Provided material>
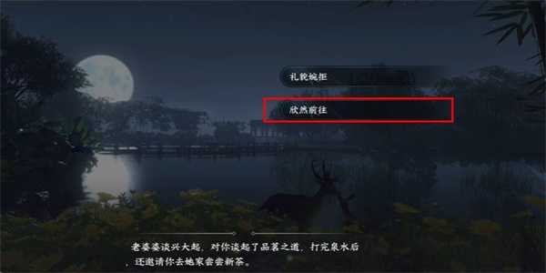3、接着NPC就会邀请我们前往她家去品茶,选择欣然前往即可,最后我们结束与NPC的对话之后,就可以完成任务。
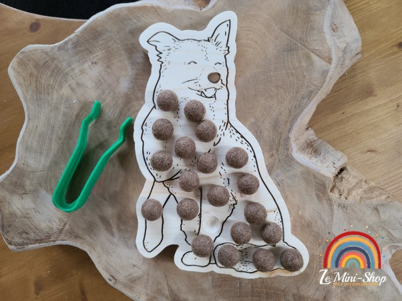 Le but est de placer les boules de laines dans les encoches, (on peut utiliser des pompons ou d'autres éléments).
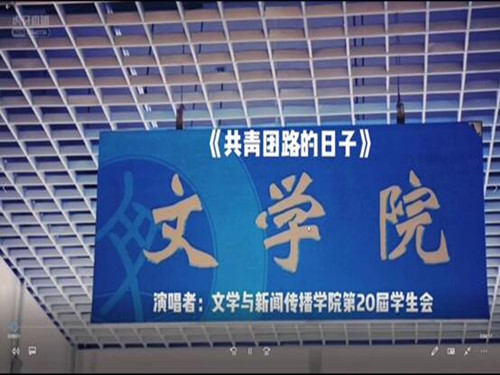 而后,第四个环节——“云合唱·致我们的永恒情谊”悄然而至。随着离别钟声敲响,毕业生们将踏着前进的曙光,追逐美好的梦想。同学们在《当我开始真正爱自己》的诗朗诵中沉默深思,在未来每个人都需要有爱与被爱的能力,学会爱别人也要学会爱自己;在致敬第18届员工会的视频中,复刻了他们在文苑生活学习的日日夜夜,他们用热爱、责任,为文院建设增砖添瓦,我们用心传达对他们的感谢;改编版《共青团路的日子》里歌词记录着从初入大学到走向毕业的匆匆四年,那些熟悉的场景和面孔、那些收藏着的青春纪念,深深触动同学们的回忆。虽即将奔赴未知的远方,我们依然是文传学子,即使往后生活各不相同,也要乐观面对一切。最后,在师生合唱《送别》的歌声中,观众以弹幕形式表达了对毕业生的祝福,至此,线上毕业晚会落下帷幕。
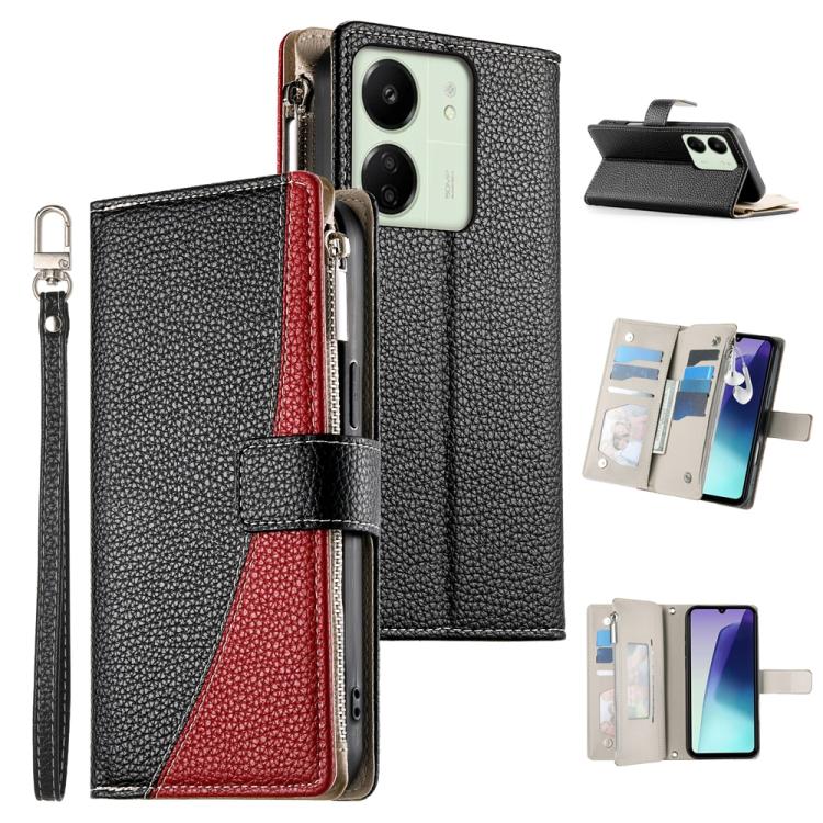 Funda de cuero con cremallera y mĂșltiples tarjetas para Redmi 13C 4G / 5G / 13R / Xiaomi Poco C65 (negro)

What to do>
Could the material above be given again in full and exactly, with its pictures left out?

Response area>
3、接着NPC就会邀请我们前往她家去品茶,选择欣然前往即可,最后我们结束与NPC的对话之后,就可以完成任务。
 Le but est de placer les boules de laines dans les encoches, (on peut utiliser des pompons ou d'autres éléments).
 而后,第四个环节——“云合唱·致我们的永恒情谊”悄然而至。随着离别钟声敲响,毕业生们将踏着前进的曙光,追逐美好的梦想。同学们在《当我开始真正爱自己》的诗朗诵中沉默深思,在未来每个人都需要有爱与被爱的能力,学会爱别人也要学会爱自己;在致敬第18届员工会的视频中,复刻了他们在文苑生活学习的日日夜夜,他们用热爱、责任,为文院建设增砖添瓦,我们用心传达对他们的感谢;改编版《共青团路的日子》里歌词记录着从初入大学到走向毕业的匆匆四年,那些熟悉的场景和面孔、那些收藏着的青春纪念,深深触动同学们的回忆。虽即将奔赴未知的远方,我们依然是文传学子,即使往后生活各不相同,也要乐观面对一切。最后,在师生合唱《送别》的歌声中,观众以弹幕形式表达了对毕业生的祝福,至此,线上毕业晚会落下帷幕。
 Funda de cuero con cremallera y mĂșltiples tarjetas para Redmi 13C 4G / 5G / 13R / Xiaomi Poco C65 (negro)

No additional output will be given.